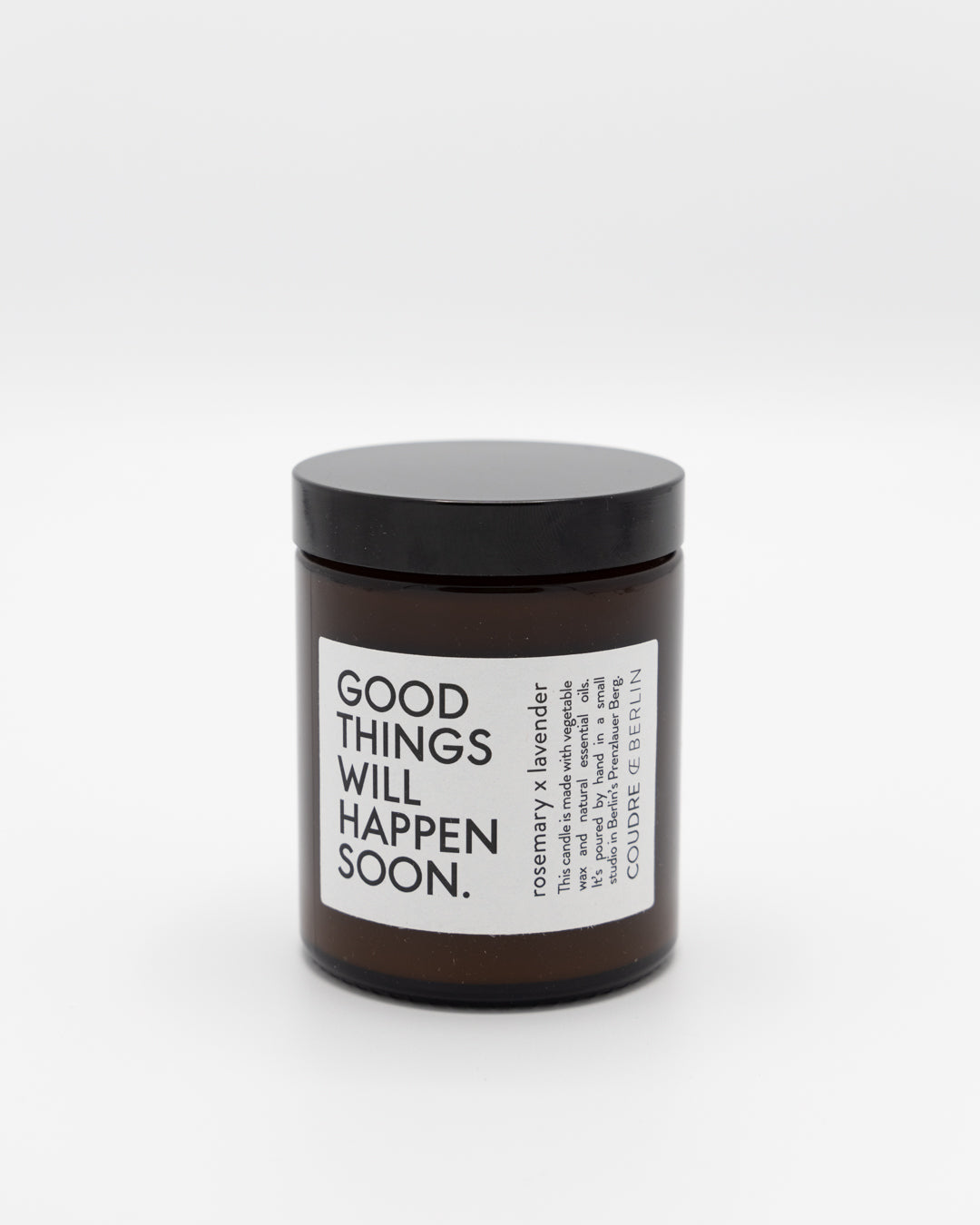Gegoten in een stijlvol donkerbruin glazen potje, met opschrift 'Good things will happen soon', past deze kaars in elk interieur. Deze kaars is gemaakt van oa sojawas en natuurlijke etherische oliën.
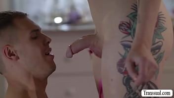 Redhead shemale and her new guy are on the bed kissing each other.Next is,she lets her guy throat her hard tranny cock passionately.In return,she licks his ass first to makes it wet and she then bareback fucks it so deep and hard.
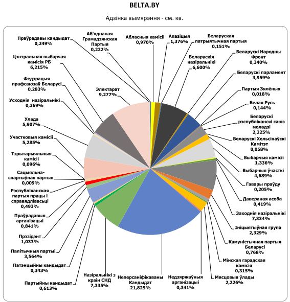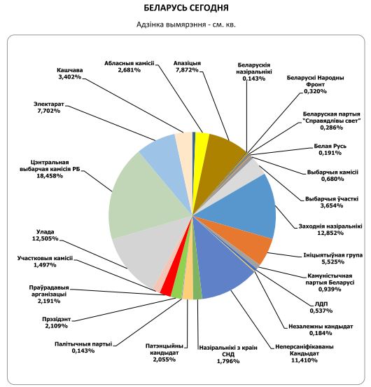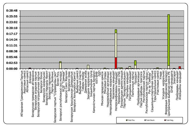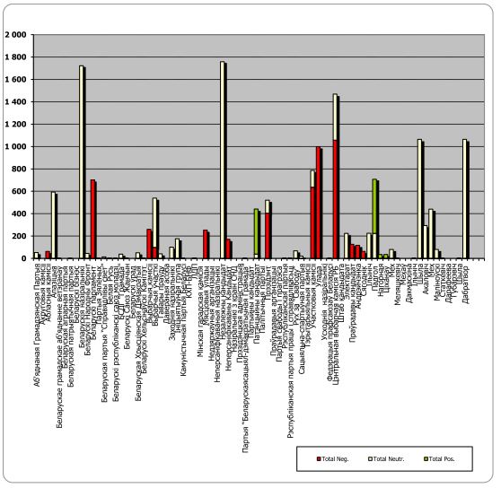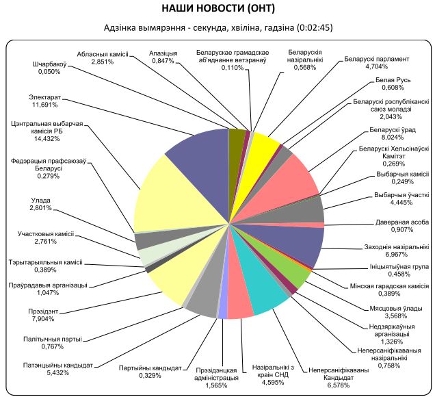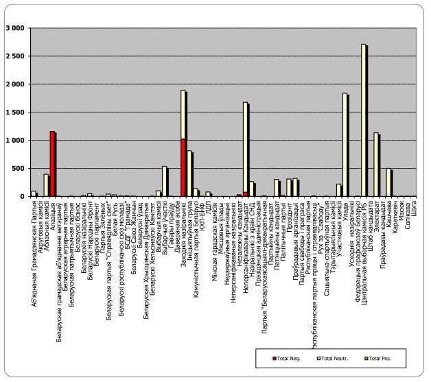 Што да медыйнай прысутнасці палітычных партый, дык яна была не проста меншай, а мізэрнай, калі пра іх увогуле штосьці казалі. Напрыклад, праграмы “Наши новости” ОНТ, “Панарама” (“Беларусь 1”), “Главный эфир” (“Беларусь 1”) нічога не казалі пра канкрэтныя палітычныя партыі. А ў тых выпадках, калі пра іх штосьці казалася, доля часу і плошчы была меншай за 0,5% (напрыклад, гл. Графікі інфармацыйнага парталу belta.by ці праграмы “Радыёфакт”).

● Exercise prompt
Nothing but the lines from the line with "Redhead shemale and" through the last line of the listing should be copied, exactly and with both ends kept. Leave pictures out.

● Written response
 Redhead shemale and her new guy are on the bed kissing each other.Next is,she lets her guy throat her hard tranny cock passionately.In return,she licks his ass first to makes it wet and she then bareback fucks it so deep and hard.
 Што да медыйнай прысутнасці палітычных партый, дык яна была не проста меншай, а мізэрнай, калі пра іх увогуле штосьці казалі. Напрыклад, праграмы “Наши новости” ОНТ, “Панарама” (“Беларусь 1”), “Главный эфир” (“Беларусь 1”) нічога не казалі пра канкрэтныя палітычныя партыі. А ў тых выпадках, калі пра іх штосьці казалася, доля часу і плошчы была меншай за 0,5% (напрыклад, гл. Графікі інфармацыйнага парталу belta.by ці праграмы “Радыёфакт”).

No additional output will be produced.